Slideren op de rivier

Slideren  op de rivier

Door Theo Hartogs 

Persoonlijk vind ik het vissen met de matchhengel en de slider (schuifdobber) een van de mooiste disciplines van het witvissen. Als lid van het Shimano Matchteam heb ik al jaren het voorrecht om mijn enthousiasme hierover actief te delen met anderen.

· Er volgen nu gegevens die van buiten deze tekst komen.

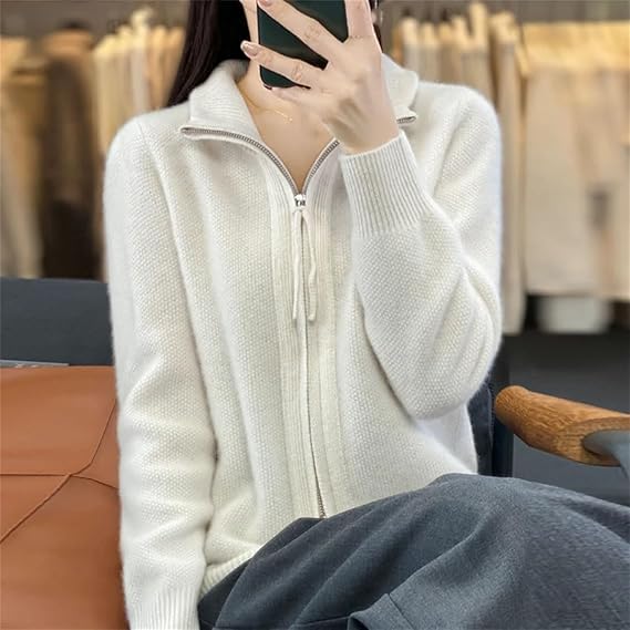 HOT ! Women's Wool Knitting Sweater Turtleneck Zipper Cardigan, Full Zip Mock Neck Thick Warm Wool Sweater for Women
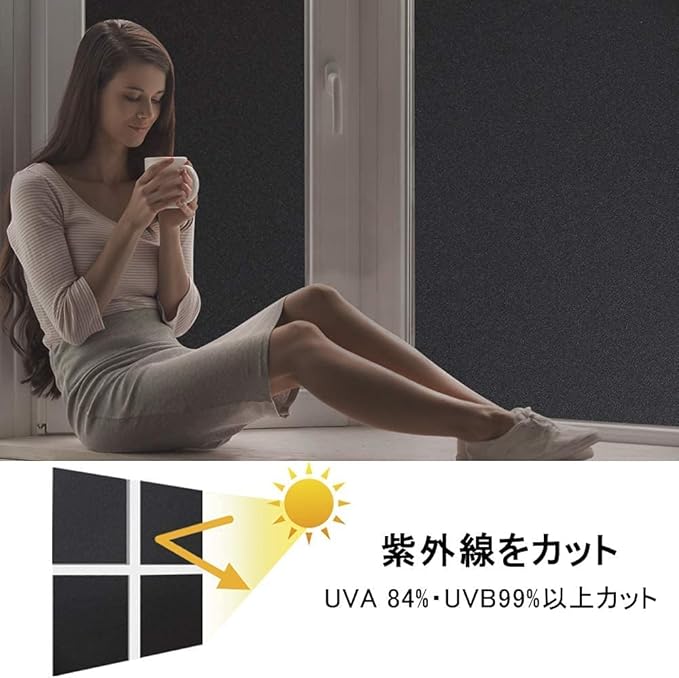 超遮光・目隠し:朝は光漏れが少なくなり、快適に目覚めます。夜、カーテンを開いても外から光が通さずよい睡眠をお守ります。真っ黒で不透明な目隠しフィルムなので、昼夜を問わず、外からちっとも見えなく、プライバシーをしっかり保護します。ご注意:設置の成功は貼り方次第です。商品の説明ページの使い方と注意事項を丁寧にお読みください。
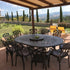 The Gloria 10-seater garden furniture set in antique bronze is a spacious and convivial option for outdoor dining. Featuring an interwoven lattice design within a braided border the Gloria is a stylish oval table set for a larger group. Having responded to customer feedback, this table has a fully-rounded edge as it did in previous models. Achieving this elliptical shape on such a large size speaks for the skill and care in its crafting. The antique bronze is classic and works well in most settings.

De laatste jaren hebben we op menig beurs, bij clinics of tijdens lezingen gemerkt dat het vissen met de matchhengel populairder is dan ooit. Slider vissen is niet persé een techniek die je enkel kunt beoefenen op diep en stilstaand water. Ook onze rivieren lenen zich prima voor deze techniek. Vandaag neem ik jullie mee naar mijn favoriete rivier de Maas. Daar laat ik jullie zien hoe je met de slider een aardig visje kunt vangen.



De Maas
Als je wilt gaan slideren aan de Maas, zijn er diverse zaken waarmee  je rekening moet houden. Ten eerste is er de stroming. De snelheid van de stroming aan de Maas wordt gemeten in kubieke meter per seconde (m3/s). De actuele informatie en voorspellingen kun je raadplegen op internet op:
http://www.actuelewaterdata.nl/afvoeren

Is de stroming tussen de 50 en 150 m3/s (een zwakke tot matige stroming), dan kun je prima met de slider vissen. Zou je met deze stroming met de feeder vissen, dan zou je terecht kunnen met een korf van 30 tot 50 gram op 40 meter visafstand. Boven de 200 m3/s heeft slidervissen echter geen nut meer, omdat de stroming dan te sterk is om je aas fatsoenlijk aan te bieden.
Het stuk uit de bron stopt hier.